After locating the line that holds "under CC BY 4.0", repeat it and each following line exactly until the material ends, skipping pictures.

**Supplied material**:
---
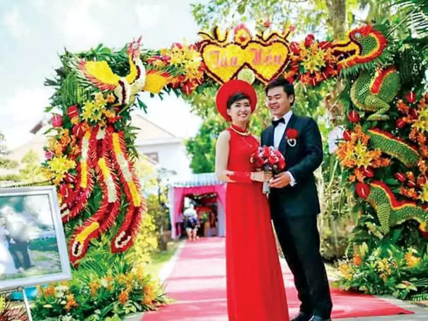 在这里娶一个越南姑娘也不是一件很困难的事情,只要姑娘家认可,金银首饰加礼金花个15000元人民币。婚礼酒宴比中国简单,十人一桌的酒席通常是6 8个菜。
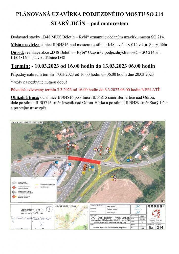 Plánovaná uzavírka podjezdného mostu SO 214 - Starý Jičín pod motorestem
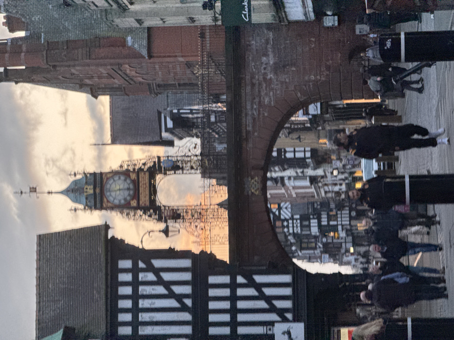 - "The image displays a street scene in Chester, United Kingdom, centered on the Eastgate Clock during dusk or early evening" by FM-NSr363, licensed under CC BY 4.0
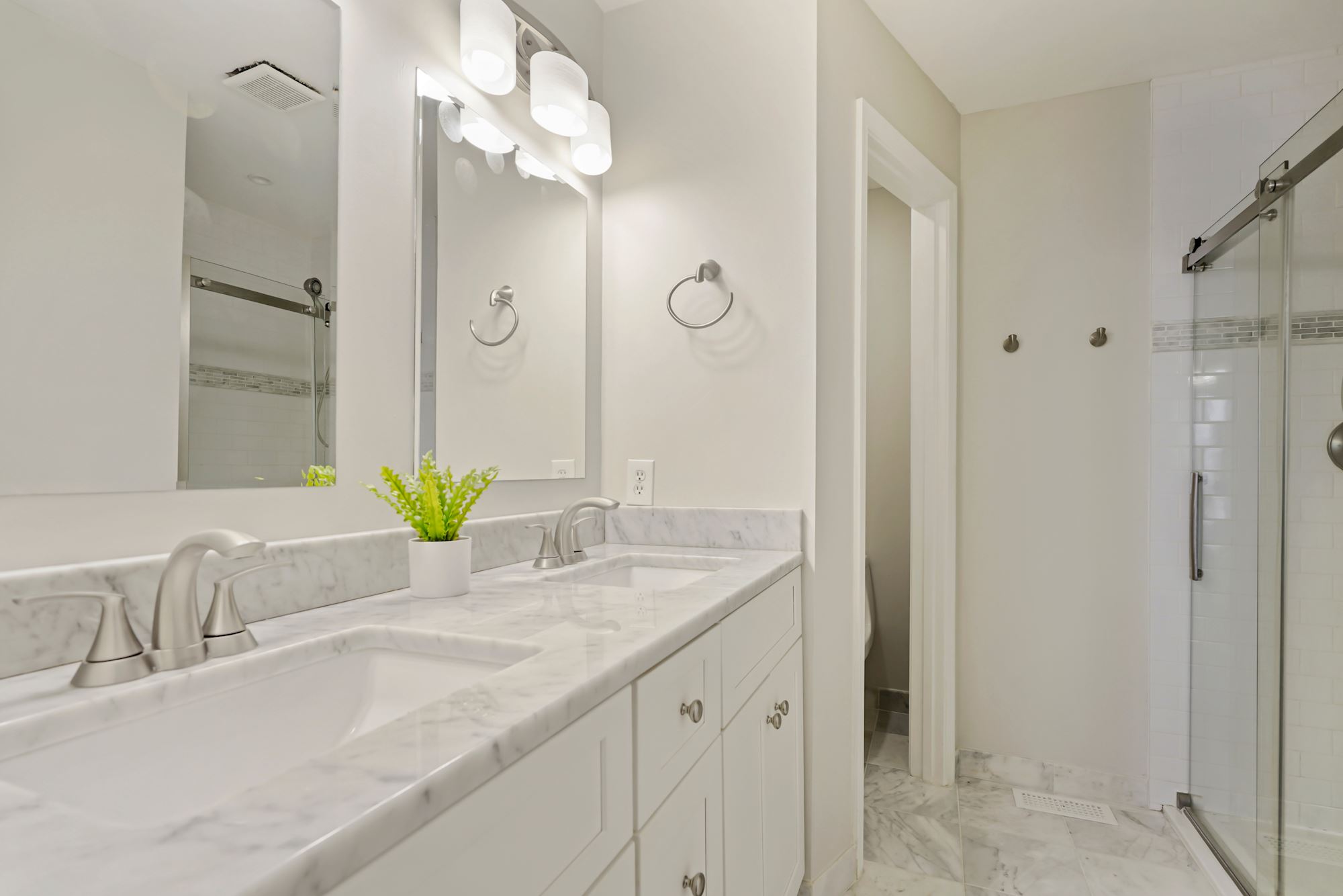 Updated Primary Bath w/ Carrara Marble Dual Vanity, Large Walk-in Shower
---
**Written solution**:
 - "The image displays a street scene in Chester, United Kingdom, centered on the Eastgate Clock during dusk or early evening" by FM-NSr363, licensed under CC BY 4.0
 Updated Primary Bath w/ Carrara Marble Dual Vanity, Large Walk-in Shower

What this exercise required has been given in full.